It’s been so long since a new Sly Cooper game came out, one could be forgiven for thinking Thieves in Time is his “one last job” – that fateful errand that proves to be the undoing of so many retired crooks.
Perhaps it is so – Sly has been in a retirement of sorts, faking amnesia to be with his cop girlfriend Carmelita following the events of Sly 3. However, once pages of family heirloom and stealing guide the Thievius Raccoonus begin disappearing, Cooper is forced to join Bentley the turtle and the annoying hippo fella in a caper that involves travelling back through time to retrieve the sacred text.
Those familiar with Sly 2 or 3 will recognise almost everything offered here, for although the franchise is in new hands at Sanzaru Games (Sucker Punch has since moved on to the Infamous series), not a whole lot of new stuff has been introduced. Sly still sneaks about, picking pockets and clambering up all manner of vertical objects; Bentley zooms around on his bomb-launching wheelchair and hacks computers; and Murray continues to be irritatingly dense, but at least he knows how to punch.
Indeed, the game plays much as before: avoid detection by dim-witted guards or be prepared to throw down, play twin-stick shooter minigames to access computers, collect coins and bottles to unlock abilities, and punch the feistier animals in the face when they get in the way of the loot. The platforming is typically solid, with Sly able to hang from or anything that glows blue thanks to his thief sense, and all time periods are filled with amusingly-mannered and well-animated anthropomorphic creatures.
An expanded roster along the lines of Sly 3 is present too, with a reshuffled cast. Sly’s trips through time allow the player to complete some missions using an ancestor of the present-day Mr Cooper, each of whom has their own handy special moves. For example, the Wild West’s “Tennessee Kid” Cooper totes a rifle that’s handy for smiting enemies at anything up to medium distance, but he can also slide along railway tracks, which is great for covering large distances quickly.

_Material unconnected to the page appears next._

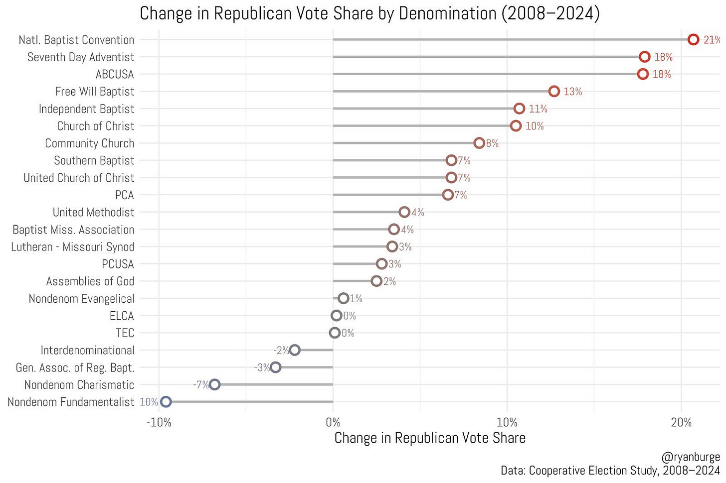 If you’re wondering why traditionally apolitical religious groups are suddenly voting like they’ve got a Sean Hannity subscription, Ryan Burge’s chart based on data from the Cooperative Election Study (Harvard) might offer a clue. Burge, a political scientist who tracks religion and politics like a hawk, looked at how different denominations voted between 2008 and 2024. His data shows that Seventh-day Adventists have increased their Republican vote share by 18 points. The National Baptist Convention is up 21. The American Baptist Churches USA? Also up 18. These aren’t evangelical megachurches in Dallas. These are historically cautious, sometimes skeptical, and often socially quiet religious groups.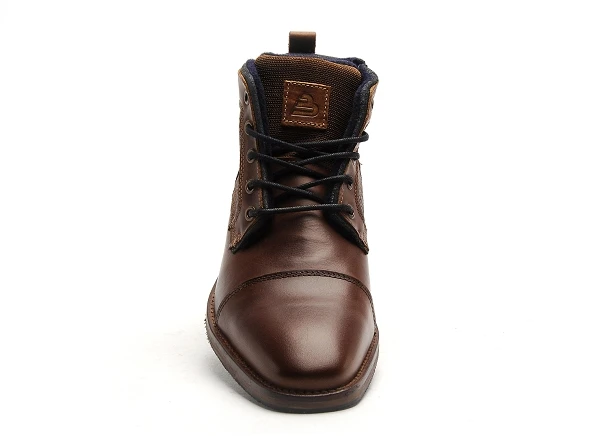Messieurs, cette boots BULLBOXER est faite pour vous! Sa tige en cuir marron possède une coupe raffinée et chic avec des empiècements de différentes textures. Cette paire de chaussures s’accordera parfaitement avec tout votre dressing pour vous offrir des looks élégants. Les lacets bleus sont accompagnés d’une fermeture éclair qui vous garantira un enfilage rapide et simple en toutes occasions. Profitez de la doublure en textile qui protègera vos pieds du froid. La semelle intérieure est amovible, cela vous donnera la possibilité d’y ajouter vos propres semelles pour un confort optimal. De plus, ces chaussures sont antidérapantes!

Additional tools are at the player’s disposal in the form of costumes. As was the case with disguises in previous Sly installments, when worn in the time period of their origin, costumes allow Sly to walk directly past guards, his path unfettered. However costumes also confer special powers. The samurai armour found in Feudal Japan is fireproof and its accompanying shield may be used to bat fireballs back to their source, for example, while an archery outfit from Medieval England allows Sly to create new ziplines at specific points using roped arrows. The most satisfying to use is the jailbreak outfit, whose accompanying boulder-size ball and chain may be propelled at nearby objects to smash or set them in motion. Sly may also balance on top of the ball and roll it around to avoid nasties on the ground. To extend the game's length, new costumes may be used in visits to already-conquered levels to reach hidden areas.
The game's open world bits are allegedly double the size of that in any previous outing, but there isn’t much of interest to do outside of the missions other than simple environment puzzles or collect-stuff minigames, making it a largely frivolous addition. As usual, in the missions, gameplay variations beyond platform-y sneaking are slotted into the action fairly regularly, such as sudden FPS on-rails sections, timed challenges, or in one instance, a tedious rhythm game.

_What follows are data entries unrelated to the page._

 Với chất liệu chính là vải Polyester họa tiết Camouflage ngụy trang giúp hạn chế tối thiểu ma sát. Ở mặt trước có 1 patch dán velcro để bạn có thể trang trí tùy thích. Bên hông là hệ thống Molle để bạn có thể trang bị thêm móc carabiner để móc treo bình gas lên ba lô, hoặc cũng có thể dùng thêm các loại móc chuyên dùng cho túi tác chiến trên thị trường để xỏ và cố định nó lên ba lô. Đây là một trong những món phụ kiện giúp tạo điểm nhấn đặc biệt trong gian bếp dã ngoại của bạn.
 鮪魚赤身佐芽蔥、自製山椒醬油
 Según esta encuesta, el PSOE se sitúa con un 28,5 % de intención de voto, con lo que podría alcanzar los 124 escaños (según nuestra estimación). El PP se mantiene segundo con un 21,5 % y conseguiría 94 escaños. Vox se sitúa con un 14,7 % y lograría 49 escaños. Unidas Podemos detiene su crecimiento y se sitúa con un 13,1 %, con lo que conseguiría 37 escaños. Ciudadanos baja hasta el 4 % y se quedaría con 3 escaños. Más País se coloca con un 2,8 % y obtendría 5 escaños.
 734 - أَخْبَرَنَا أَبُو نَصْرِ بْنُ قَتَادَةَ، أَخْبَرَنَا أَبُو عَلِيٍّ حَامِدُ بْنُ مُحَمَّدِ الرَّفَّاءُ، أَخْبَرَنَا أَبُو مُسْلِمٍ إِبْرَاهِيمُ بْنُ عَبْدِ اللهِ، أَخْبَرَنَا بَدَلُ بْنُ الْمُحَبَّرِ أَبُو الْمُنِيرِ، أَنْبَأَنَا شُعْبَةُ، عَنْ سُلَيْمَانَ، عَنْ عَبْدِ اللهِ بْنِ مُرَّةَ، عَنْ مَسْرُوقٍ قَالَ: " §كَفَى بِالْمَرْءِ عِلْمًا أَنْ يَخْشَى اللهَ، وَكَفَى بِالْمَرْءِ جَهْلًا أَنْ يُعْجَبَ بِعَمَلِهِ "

This is all fine except that it won’t hold anyone’s attention for too long. Thieves in Time is just far too easy, and most will breeze through its five main time periods (and bonus Carmelita campaign at the end) in pretty short order. The forgiving platforming, apathetic enemies, utterly basic stealth, pattern-based bosses, and generous checkpoint system see to that. Naturally, it’s a game designed to be very accessible to younger gamers so a brutal difficulty isn’t expected, but other things have been sacrificed in aiming for that demographic.
Simply put, the characters are just too dull, too black and white. While smoothly animated using an inviting cel-shaded cartoon aesthetic, many are completely personality-free in all other ways. Main characters including Sly are also cursed with flat, explanatory dialogue. Some very ordinary voice-acting does not help matters at all, nor do the weak quips and the slow, talking-head cutscenes. This is too bad, as each time period is introduced with a neat cartoon vignette, and the music, sound effects, and aforementioned enemy animations possess a lot of personality and hint at something deeper that is never explored.
In fact, the main cast is outclassed even by the environments themselves, which have much more elevation variation than previous games, and which are easily on-par visually with television cartoons. The first Sly Cooper game to be developed since the PlayStation 3 was released updates the series’ style well, and the resultant visuals possess a clean, defined, and handsome style.
That alone will give Thieves in Time a lot of traction with younger players, and the gameplay variety should also keep them entertained. It's a well-put-together, inoffensive, slick, straight-forward title that – new settings and graphics aside – just serves up more of the same old Sly Cooper play. But unless they are existing fans of the series just looking for a lot more of the same, adults are advised to try before they buy.